I don’t know that it would have changed anything.
But it might have.
1978
LATE FEBRUARY
Margaret was squatting, looking at me. Cvetko was looking at her, rubbing his hands a little like he was washing them in slow motion. Ruth was standing near her, Old Boy working a toothpick around in his mouth where he would have had a cigarette a few years ago. Smoking’s no good for us; all that breathing gives us a headache and the nicotine does nothing because our blood doesn’t run much, it mostly just sits there. Most turned smokers try for a month or two, then get tired of it.
Margaret said, “We’ll need to call a town meeting. Tomorrow night, an hour past sunset. Tell everyone you can find.” And with that, Margaret McMannis strolled off into the tunnel with her escort, the three of them briefly silhouetted by the light of an approaching car. The other two scooted forward into niches for workers, but not Margaret. She kicked her thong sandals off and moved left, fast.
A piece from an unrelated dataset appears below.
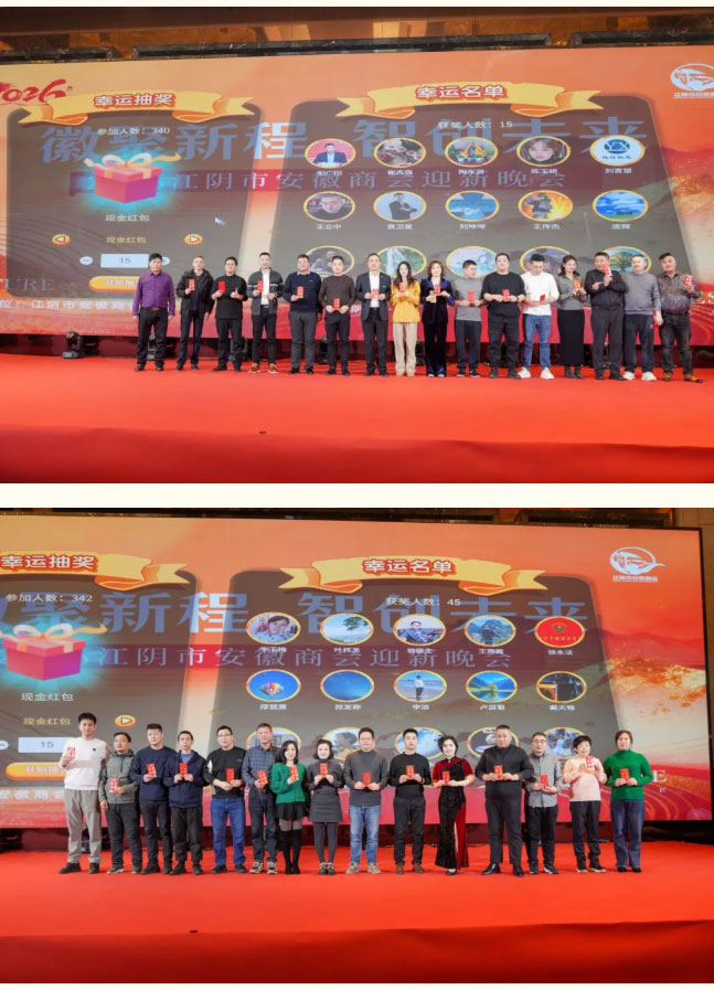 此次新年晚会的圆满举行,既是对过去一年商会发展成果的总结与回顾,更是对新一年砥砺前行的展望与期盼。2026年,江阴市安徽商会将继续秉持“徽聚新程 智创未来”的理念,凝聚徽商力量、搭建合作桥梁、赋能企业发展,与全体会员单位携手并肩,在新的征程上策马扬鞭,共创更加辉煌的明天!

By the time the train reached her, she would be up on the roof of the tunnel, hanging over it so the passengers didn’t see her; when it was past, she’d drop like a spider and fetch her sandals, Old Boy and Ruth falling into place on her flanks like Thing One and Thing Two.
Cvetko and I retreated back into the darkness that led to our abandoned service rooms, then made our way upstairs. “I’ll tell Billy. You tell Luna,” I said. Cvetko nodded, said, “Thank you.” Luna would be working close to where his latest rash of letters had gone, and, after he found her, he would have time to go socialize with his bridge-club biddies and drink their moldy old geriatric blood.